**Action item:**
Your job is to print, exactly, the lines in the data below from the line with "Featuring a hand" through the line with "话音刚落,他便从工装口袋里掏", both included, and to omit any picture.

**Recorded data:**
───

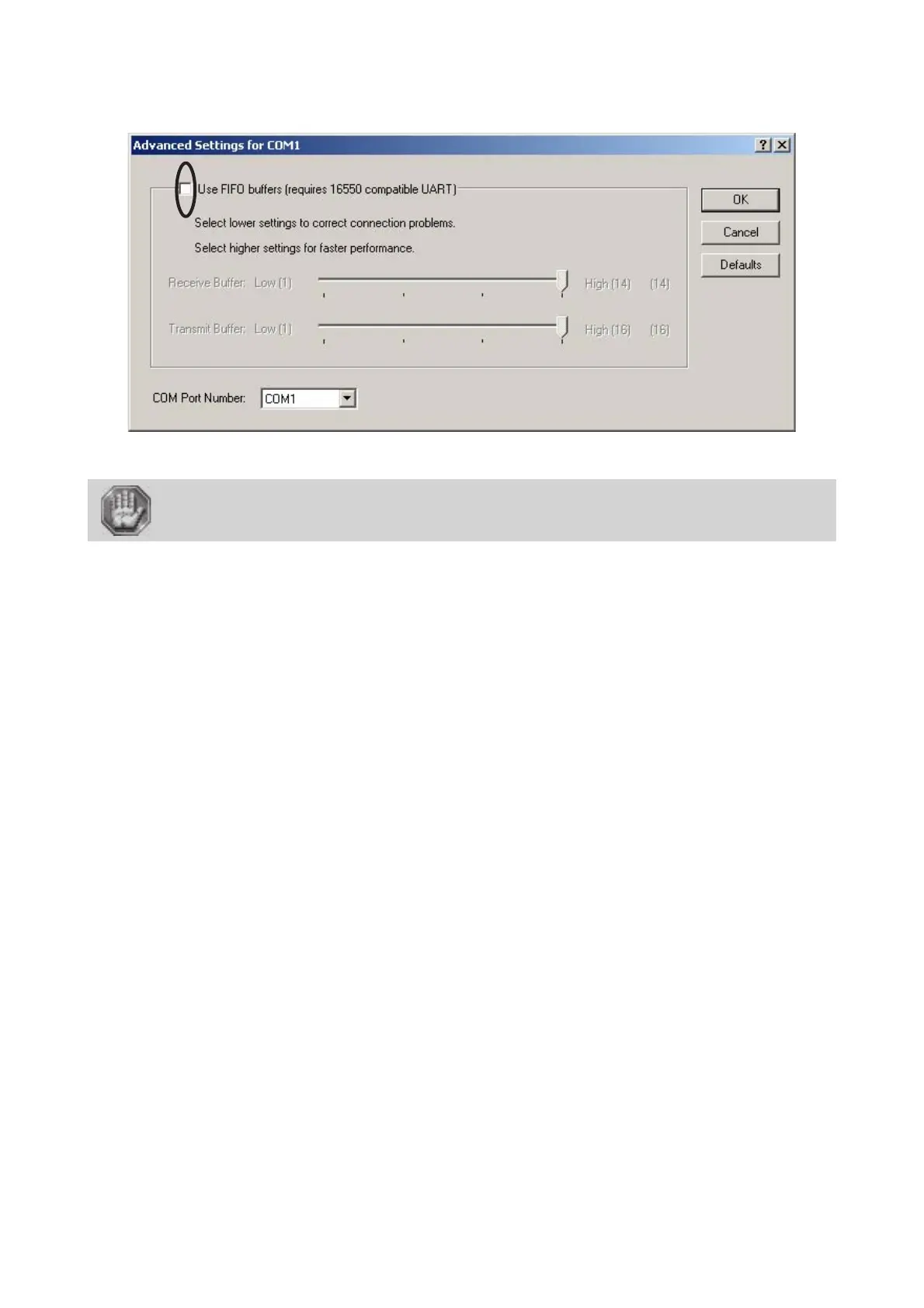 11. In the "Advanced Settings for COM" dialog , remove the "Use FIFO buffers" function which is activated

───

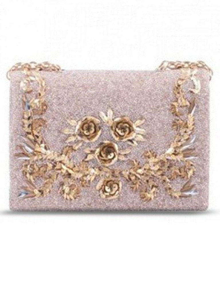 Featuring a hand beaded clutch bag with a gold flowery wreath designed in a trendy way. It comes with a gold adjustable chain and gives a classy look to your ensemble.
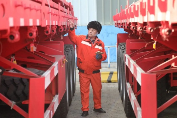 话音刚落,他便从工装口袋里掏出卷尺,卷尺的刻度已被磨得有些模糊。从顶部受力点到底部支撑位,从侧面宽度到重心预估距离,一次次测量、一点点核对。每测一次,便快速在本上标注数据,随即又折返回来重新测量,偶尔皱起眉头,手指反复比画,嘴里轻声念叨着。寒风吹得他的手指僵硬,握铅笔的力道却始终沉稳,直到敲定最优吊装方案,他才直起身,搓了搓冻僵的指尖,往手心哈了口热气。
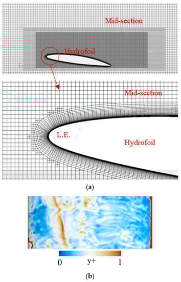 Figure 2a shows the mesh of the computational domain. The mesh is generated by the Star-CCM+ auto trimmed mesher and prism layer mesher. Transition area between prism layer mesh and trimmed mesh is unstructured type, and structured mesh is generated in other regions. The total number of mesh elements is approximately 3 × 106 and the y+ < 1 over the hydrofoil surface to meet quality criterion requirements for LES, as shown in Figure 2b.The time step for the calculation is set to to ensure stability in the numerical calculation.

───

**Result of this exercise:**
 Featuring a hand beaded clutch bag with a gold flowery wreath designed in a trendy way. It comes with a gold adjustable chain and gives a classy look to your ensemble.
 话音刚落,他便从工装口袋里掏出卷尺,卷尺的刻度已被磨得有些模糊。从顶部受力点到底部支撑位,从侧面宽度到重心预估距离,一次次测量、一点点核对。每测一次,便快速在本上标注数据,随即又折返回来重新测量,偶尔皱起眉头,手指反复比画,嘴里轻声念叨着。寒风吹得他的手指僵硬,握铅笔的力道却始终沉稳,直到敲定最优吊装方案,他才直起身,搓了搓冻僵的指尖,往手心哈了口热气。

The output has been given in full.